Gamasutra posted a fantastic article on how to be a good producer. Producers get a bad rap because there are so many bad ones out there. Because you should never really notice a good producer (all the work is happening behind the scenes), it is just as easy for a producer to simply do nothing or be a slave to an MS Project file and claim ignorance. It’s also easy for artists and engineers to look at a producer as someone who doesn’t contribute to the content of the game except by fiat. That should never be the case.

I’d like to add a couple more good and bad qualities to the list Mr. Shin created, from my experience.

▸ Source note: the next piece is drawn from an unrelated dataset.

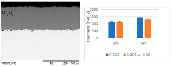 A desire to further build on the SPS expertise has now led to dedicated efforts aimed at utilizing the SPS route to deposit various other oxides and carbides that can be potentially promising candidates for tribological applications. In this context, some early work has already been carried out with Al2O3, Cr2O3, Cr3C2, and TiC suspensions, as well as graphene [71,72,73]. These have yielded microstructures and properties that inspire confidence (Figure 9) to be further investigated in detail.

  • Listens. Many times when team members come to a producer, they need to vent about stressors that are piling up. It helps them to get their issues of their chest, but the producer is also the main guy/gal that can actually do something about it and connect disparate problems. There are too many producers who simply don’t want to hear problems so they can have plausible deniability or because the issues are someone else’s job. And there are too many well-meaning producers that are happy to be a sounding board without following up.
  • Lives in a cube. I bet you are gawking at this one, but probably two-thirds of producers I’ve worked with who have had offices instead of cubes have had poor communication with the team and inadvertently fostered an us-vs.-them attitude or were just generally out-of-the-loop.
  • Is a fighter. The producer should be the chief advocate for the team to any external group – licensors, publishers, senior staff in big studios, etc. The team should know that he/she will fight tooth and nail for the things the team needs and not just roll over because someone with power says to or because it is easy.
  • Should have programmed something before in their lives. It’s pretty obvious in meetings when a producer says “shouldn’t that just drop right in?” and engineers roll their eyes that the producer is either baiting or being naive.


  • Doesn’t believe there is much difference between a game project and any other software project.
  • Believes that being a video game fan makes them an authority on how to design and implement a game project.
  • Takes over design issues instead of being a mediator.
  • Values the trees (hitting all tasks on the schedule) over the forest (quality of game as a whole).